By the time I’ve prayed it about 20 times, this really becomes the
focus. Now I do not “beat myself up”
over this but it is a reminder how much I am in need of God’s mercy.
I had
thought I might give up Facebook…until today when an important piece of my
journey opened up. You see, I am in a
denomination that creates tension believing there is a middle way. As my friends post differing opinions and
thoughts, I get a laugh, I get mad, I get tempted to unfriend (I’ve only done that
once), but what I have been really working hard to do is listen. I'm trying to listen to voices expressing their own journey
of faith in Jesus Christ that is at times, very different from mine.
And
today I read these words, “If you have a heart, you can be saved.” Spoken by Abba Pambo in the fourth century,
these words were like a wall to stop me cold.

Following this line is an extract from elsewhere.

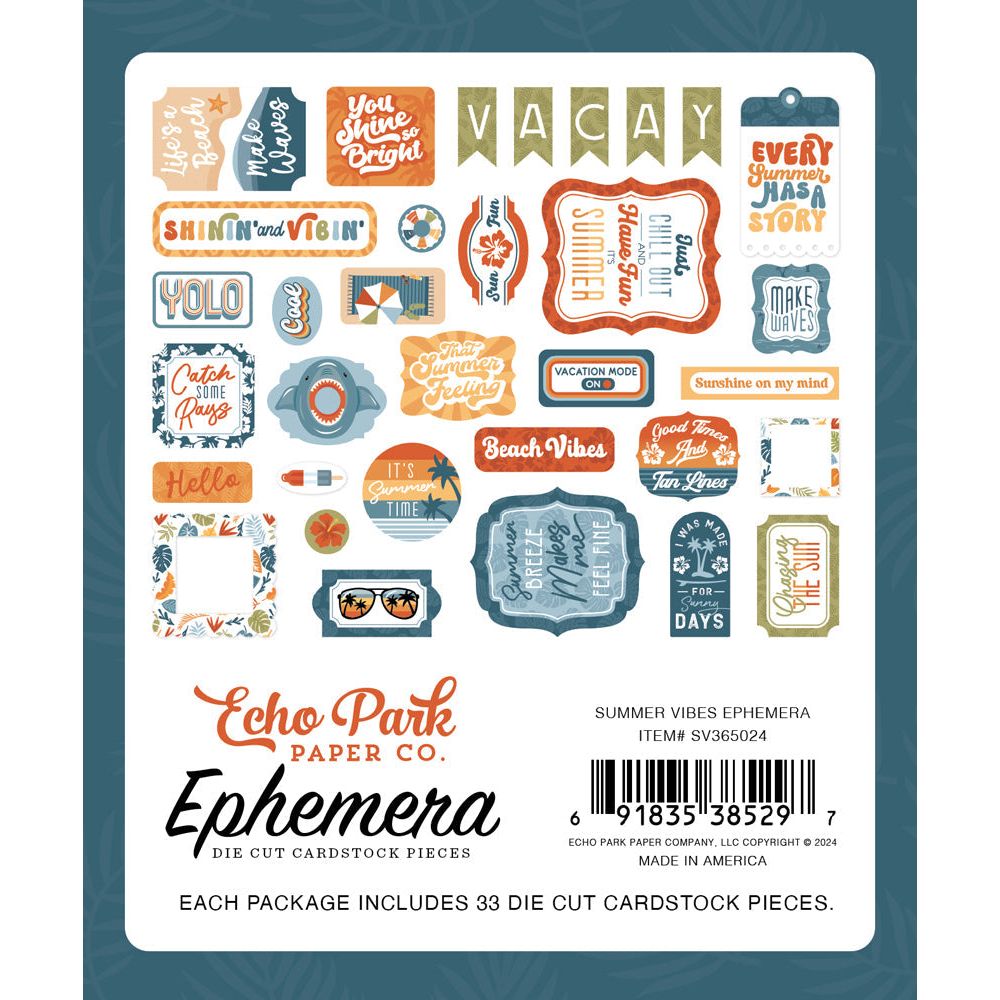For the ideal starting point for your project, as well as the ideal finishing touch, it's essential to have both the perfect paper and embellishments. These versatile pieces can bring playfulness, depth, color, and flair to various forms of paper crafting, such as cards, scrapbook layouts, and mixed media projects. This 4.5 x 6.5 inch package contains 33 ephemera pieces, featuring a variety of beach-themed imagery, including towels, umbrellas, floats, sunglasses, surfboards, palm trees, waves, and vibrant tropical flowers and leaves in hues of red, orange, yellow, blue, and green.

We have made it so easy to cut off differing opinions, even those we
term sinners, and we do it without even considering or giving second thought to
the heart inside them, a heart that Jesus loves. A heart, like mine, like your’s that is
crying out to Jesus in the tenor and voice unique to that one person, “Lord
Jesus, have mercy on me a sinner.”
So I am
glad I did not give up Facebook and all you sinners like me with hearts in need
of a savior. And thanks for not giving
up on my heart as we journey toward Easter.